Results and Discussion
In this section we present an example application of the BioPhysConnectoR package to the HIV1 protease [PDB:1KZK]. The molecule is a homodimer with 99 amino acids in each chain. We show the work flow of the employed protocol in Figure 1. To illustrate the usage of the BioPhysConnectoR routines we provide a code example (see Figure 2) as well. The pdb file serves as input for the computation of the biophysical properties. To gain insight into evolutionary features, we use data provided by Chen et al. [26]. The nucleotide sequences were translated into amino acid sequences. As we are concerned with about 45160 sequences, we do not need to consider finite size effects [19] in the MI results.

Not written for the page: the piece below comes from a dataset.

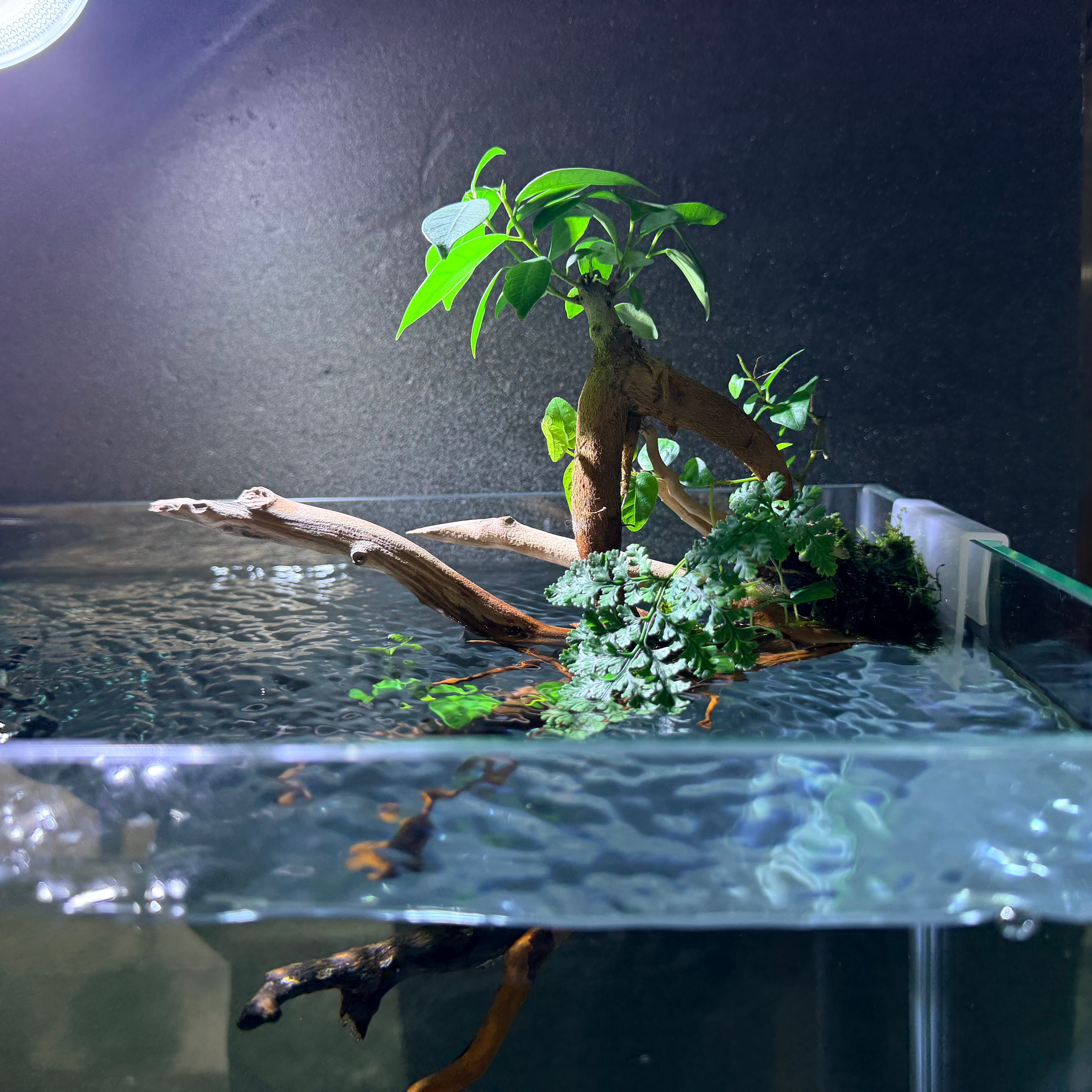 陸上部分の苔や植物には、必要に応じて霧吹きを行ってください。

Figure 1. Flowchart. The protocol describes the two major workflows the package provides to combine results from investigations concerning sequence and structure of a molecule. Key positions for coevolution and function can be identified using a combination of the workflows.

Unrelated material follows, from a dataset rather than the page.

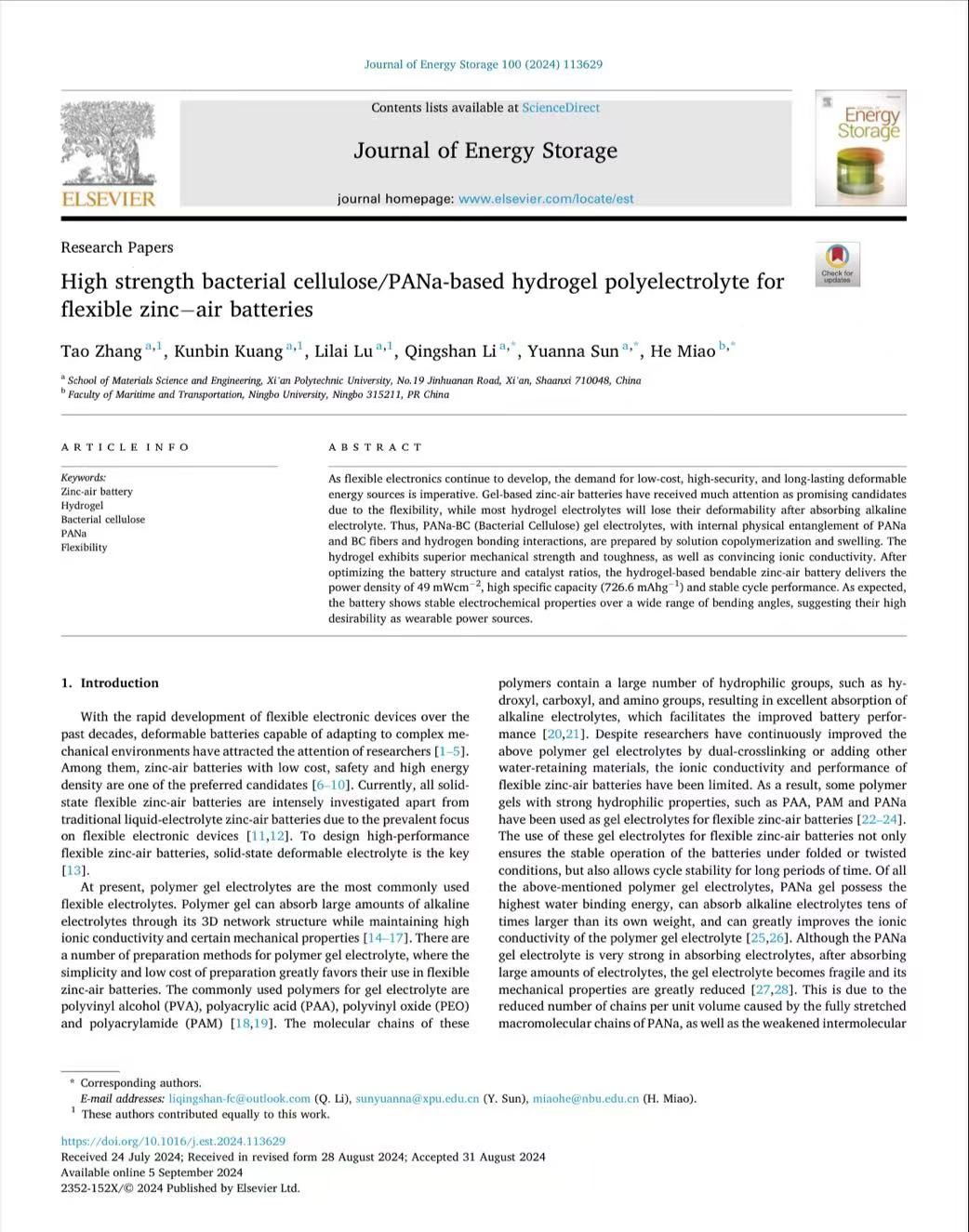 近日,beat365材料工程学院2021级材料科学与工程专业本科生张涛以题为《High strength bacterial cellulose/PANa-based hydrogel polyelectrolyte for flexible zinc−air batteries》在能源&材料类期刊《Journal of Energy Storage》发表研究论文。该论文研究了 PANa-BC(细菌纤维素)凝胶电解质的特性、机械性能和电化学性能。研究发现,凝胶电解质通过 PANa 和 BC 纤维的内部物理缠结和氢键相互作用,表现出优异的机械强度、韧性和离子导电性。同时,在优化电池结构和催化剂配比后,基于水凝胶的可弯曲锌-空气电池表现出稳定的电化学特性,为可穿戴电源的研究提供了高价值的参考。

Figure 2. Example code. At the top (Code I), a detailed example for the computation of the Bfactors using the provided lowlevel routines is shown. At the bottom (Code II), the function call of simc is shown with all parameters given to the function to compute the values of Figure 4. The parameter alpha represents the strength of peptide bonds and is set to 82 per default, the parameter cuts denoting the squared cutoff distance for a contact has a default value of 169. If no interaction weighting matrix is given, the MJ and KE matrices [22,23] are used to describe the specific intra and interchain interaction strengths, respectively, eventually averaged if mj.avg = TRUE. If the parameter bfacs is set TRUE, for each broken contact the computed Bfactors are written into files. Frobenius norms are only computed and returned if frob = TRUE. With the parameter cluster it is possible to provide an initialized cluster for a parallel computation.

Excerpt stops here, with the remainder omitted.